Input for this task:
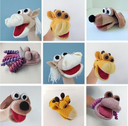 This listing bundle includes four original patterns to crochet your own Set of Amigurumi Hand Puppets. It Includes A Dog Hand Puppet, Giraffe Hand Puppet, Horse Hand Puppet and Unicorn Hand Puppet.
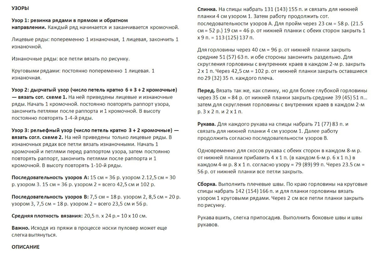 Чтобы связать этот джемпер, нам потребуется 500 (550) 600 гр — на размеры 36/38 (42) 46/48 соответственно — графитово-серой пряжи: 100% хлопок; 50 гр — 142 м. Спицы № 2 и № 2,5, а также круговые спицы № 2,5 и крючок № 2.
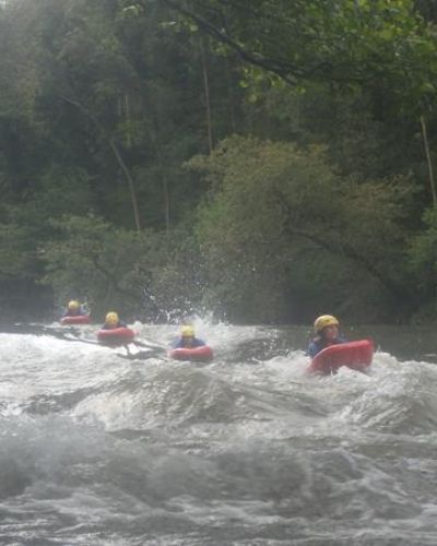 Sumérgete en una de las actividades acuáticas más emocionantes que puedes vivir cerca de Santiago: el hidrospeed en el río Ulla. Una experiencia cargada de energía donde cada participante desciende por aguas bravas sujetando un hidro-trineo, propulsado por aletas de buceo. Ideal para quienes buscan acción, contacto con la naturaleza y una buena dosis de diversión.
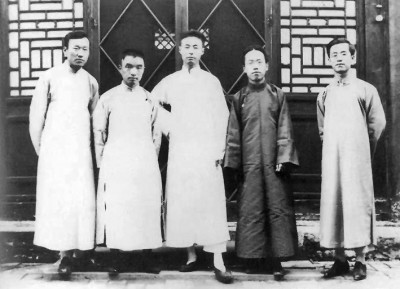 1925年,朱自清与友人在清华园留影,左二为朱自清,左四为俞平伯。初到清华大学三年,朱自清主要讲授“国文”“古今文选”等课程。资料图片
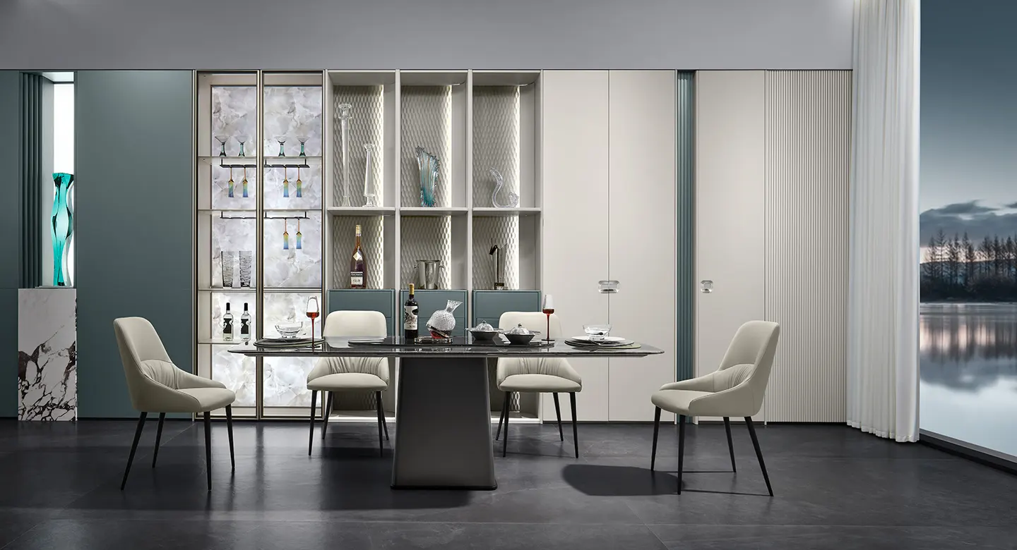 Một số mảng tường được thiết kế hốc trang trí ốp đá, đặt tượng hoặc bình nghệ thuật, có đèn hắt từ trên xuống để tạo chiều sâu. Tủ rượu ẩn sau cánh cửa cao kịch trần là chi tiết thú vị: khi đóng, bề mặt giống hệt các tấm ốp khác; khi mở ra, hệ kệ kính và đèn chiếu sáng phía sau hiện lên, biến mảng tường thành một quầy trưng bày sang trọng. Cách xử lý này giúp lưu trữ nhiều đồ mà căn hộ vẫn giữ được vẻ gọn gàng.
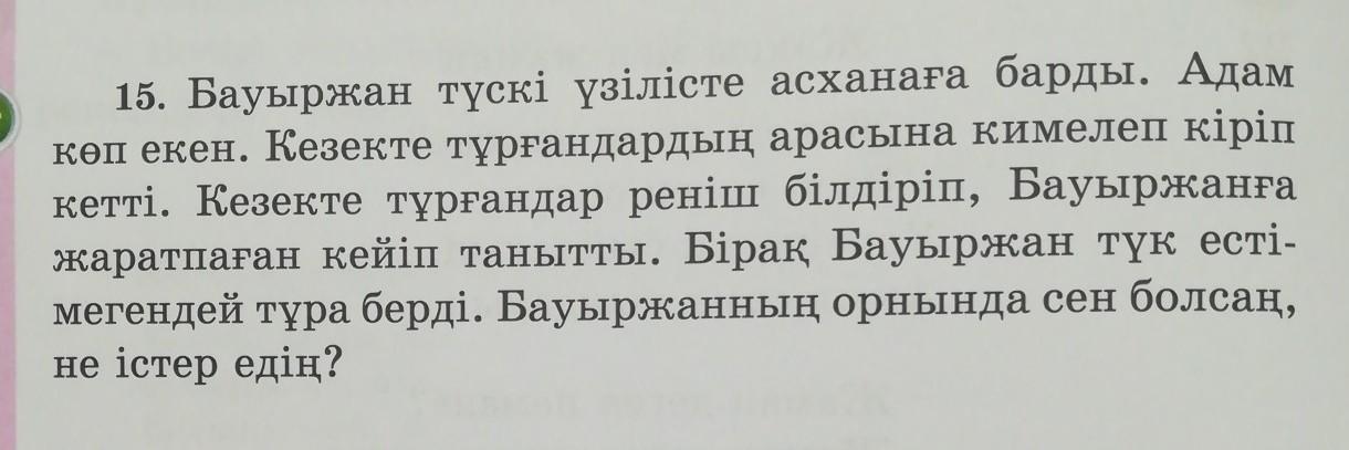 кешіріңіз, мен асығыс едім.Бауыржан сенде кезегінде тұр.Әділ болсаңшы.Жақсы кешіріңіздер-деп Бауыржан да кезекте тұрды
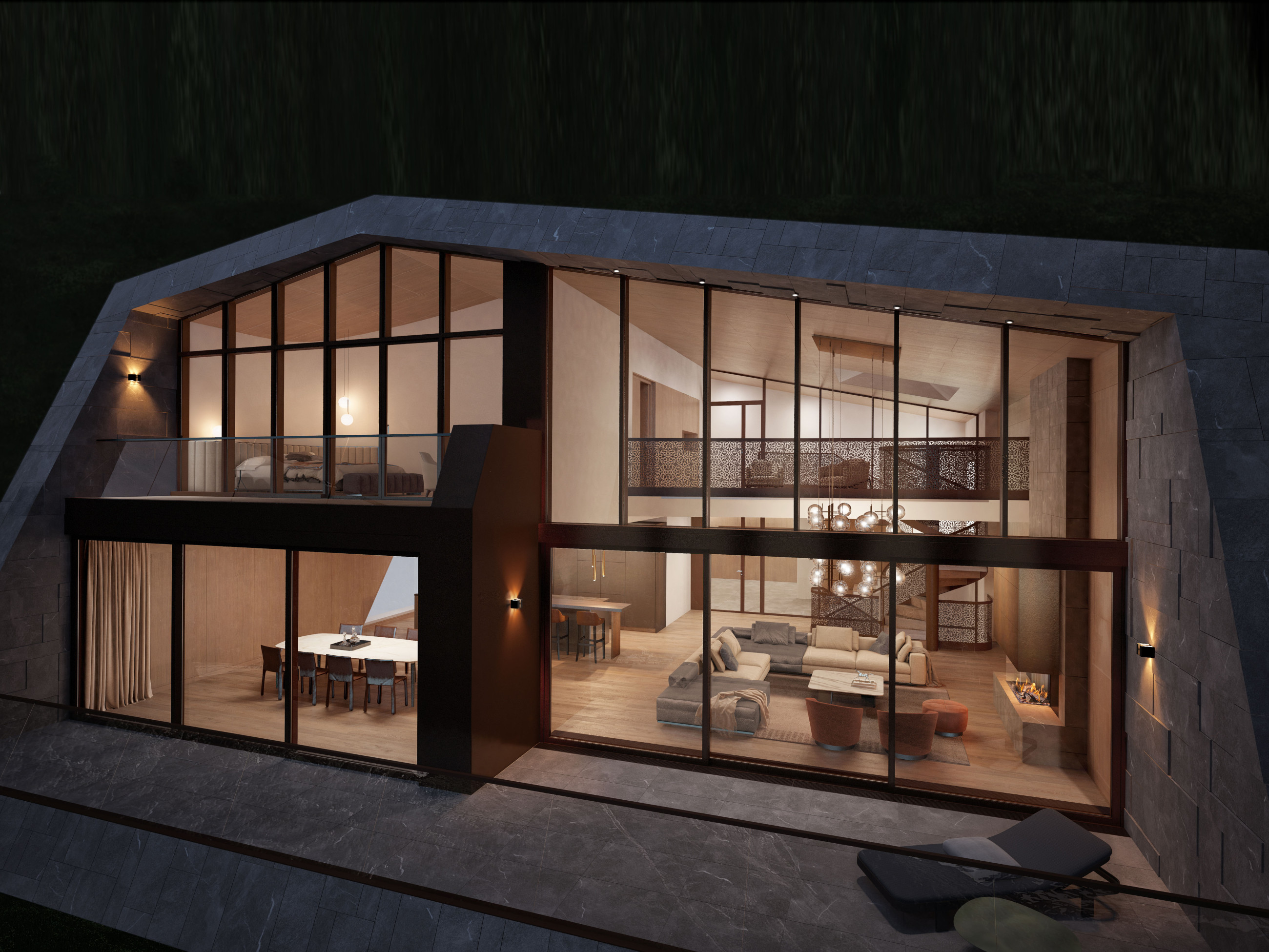 Alpine Architektur am Südhang Engelbergs mit Blick auf den Titlis. Auf Augenhöhe mit den Falken in der frischen Bergluft. Kraftvoll und königlich.
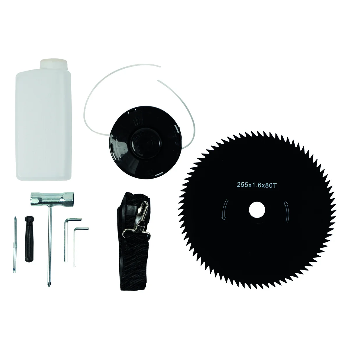 - КОМПЛЕКТАЦИЯ: емкость для приготовления смеси, плечевой ремень, ключ шестигранный Г-образный (2 шт), ключ свечной, ключ рожковый, отвертка, набор крепежа, катушка с леской, нож.
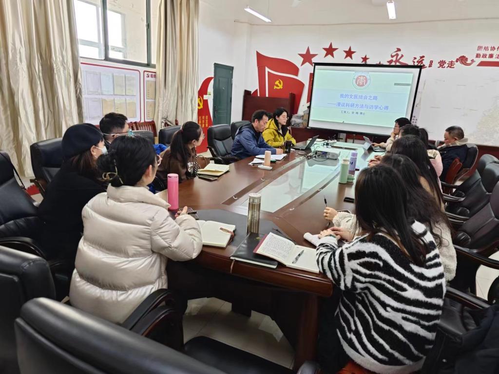 会议邀请了公共学科教学部宋梅博士和孙琪梦博士同我们分享她们的教学科研心路历程。宋梅博士同我们分享了她从本硕英语专业,到中医文化学博士的求学之路,谈到兴趣是最好的老师,扎实的理论基础,丰富的田野资料是文科专业的科研基石,文科论文也可以参照理工科论文逻辑构架,构建理论话语。孙琪梦博士则向我们分享了她在各种教学比赛中的收获,鼓励大家多多参加教学比赛,多多发言,锻炼自己的思维,同时强调积累是教学和科研的过程,成功需要沉淀,厚积薄发,不积跬步无以至千里,不积小流无以成江海。两位博士都讲到X+医学,科研不拘泥于某个专业,可以实现专业交叉融合,引起更多共振。李晓东副经理也以“问题导向 与时俱进 团队同心同向”为题,分享了在科研路上的体会与思考。
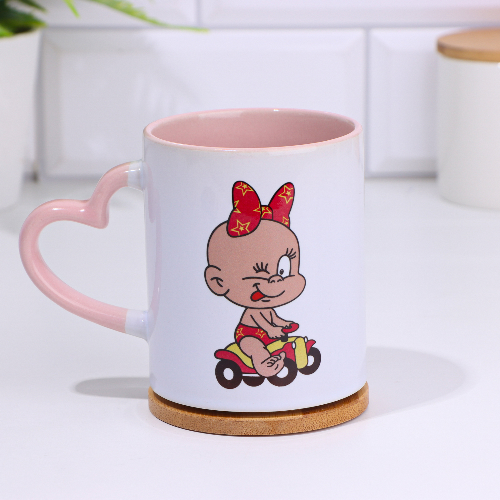 Кружка сублимация "я девочка творческая", с фигурной ручкой, дно розового цвета

What to do: Working from the entries above, please transcribe only the lines from the line with "Một số mảng" through the line with "кешіріңіз, мен асығыс", exactly, with both end lines and without pictures.

Response for this exercise:
 Một số mảng tường được thiết kế hốc trang trí ốp đá, đặt tượng hoặc bình nghệ thuật, có đèn hắt từ trên xuống để tạo chiều sâu. Tủ rượu ẩn sau cánh cửa cao kịch trần là chi tiết thú vị: khi đóng, bề mặt giống hệt các tấm ốp khác; khi mở ra, hệ kệ kính và đèn chiếu sáng phía sau hiện lên, biến mảng tường thành một quầy trưng bày sang trọng. Cách xử lý này giúp lưu trữ nhiều đồ mà căn hộ vẫn giữ được vẻ gọn gàng.
 кешіріңіз, мен асығыс едім.Бауыржан сенде кезегінде тұр.Әділ болсаңшы.Жақсы кешіріңіздер-деп Бауыржан да кезекте тұрды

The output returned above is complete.